▶ [REQUIREMENT]:
Keep images out and repeat all data exactly.

▶ [EXERCISE DATA]:

########

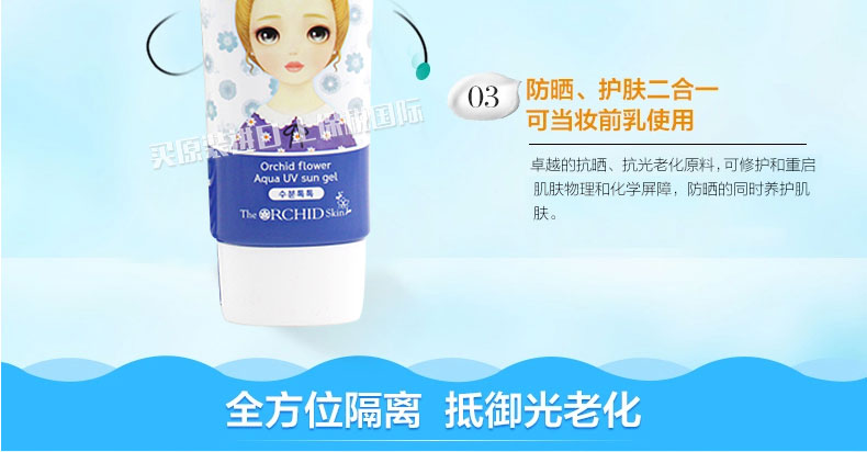 韓國THE RCHID SKIN幽蘭娃娃夏天清爽防曬霜 藍色裝 SPF50 防曬隔離 補水保濕 50ml/瓶—— 1、質地溫和不刺激,敏感肌膚和兒童肌膚也能使用。 2、防曬的同時隔離紫外線,延緩皮膚衰老。 3、輕薄透氣不黏膩,防曬隔離,補水保濕。 |
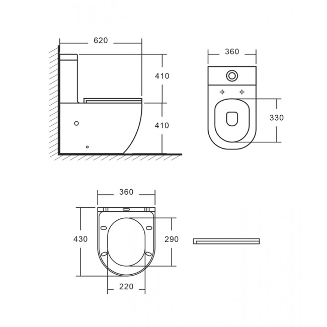 Унитаз-компакт A2809, безободковый, сиденье тонкое ДП, крепления Eva Gold
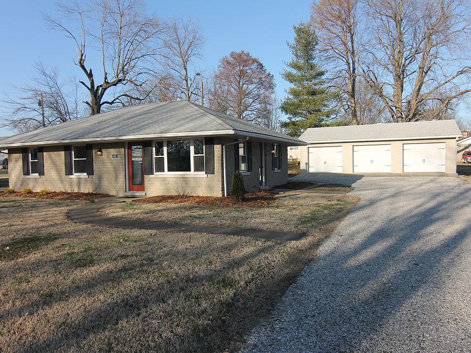 Open House 1/19!! Freshly remodeled 3 bedroom 1 bath Ranch home with detached 3 car garage in Elberfeld! Everything new and this home is located within walking distance from the Elementary School, park, and downtown! Open floorplan, stainless steel appliances, recessed lights, new white cabinets, under cabinet lighting, modern faucet with large sink and subway tile backsplash. The main living area of the home features laminate hardwood floors. Bedrooms complete with new carpet, fresh paint, and new ceiling fans. The bathroom features tile floors, mocha colored vanity, large mirror, and subway tile shower / tub. All new wiring throughout with new breaker panel. The large 3 car garage includes an additional half bath, pull down attic access, and a gas furnace (not tested). Additional improvements to the home include new drywall throughout, insulation in exterior walls and ceiling, supply plumbing, electric water heater, windows (2016), roof (2016). No showings until Open House on 1/19. Call 812-457-6931 for any questions.

########

▶ [RESULT OF THE TASK]:
 韓國THE RCHID SKIN幽蘭娃娃夏天清爽防曬霜 藍色裝 SPF50 防曬隔離 補水保濕 50ml/瓶—— 1、質地溫和不刺激,敏感肌膚和兒童肌膚也能使用。 2、防曬的同時隔離紫外線,延緩皮膚衰老。 3、輕薄透氣不黏膩,防曬隔離,補水保濕。 |
 Унитаз-компакт A2809, безободковый, сиденье тонкое ДП, крепления Eva Gold
 Open House 1/19!! Freshly remodeled 3 bedroom 1 bath Ranch home with detached 3 car garage in Elberfeld! Everything new and this home is located within walking distance from the Elementary School, park, and downtown! Open floorplan, stainless steel appliances, recessed lights, new white cabinets, under cabinet lighting, modern faucet with large sink and subway tile backsplash. The main living area of the home features laminate hardwood floors. Bedrooms complete with new carpet, fresh paint, and new ceiling fans. The bathroom features tile floors, mocha colored vanity, large mirror, and subway tile shower / tub. All new wiring throughout with new breaker panel. The large 3 car garage includes an additional half bath, pull down attic access, and a gas furnace (not tested). Additional improvements to the home include new drywall throughout, insulation in exterior walls and ceiling, supply plumbing, electric water heater, windows (2016), roof (2016). No showings until Open House on 1/19. Call 812-457-6931 for any questions.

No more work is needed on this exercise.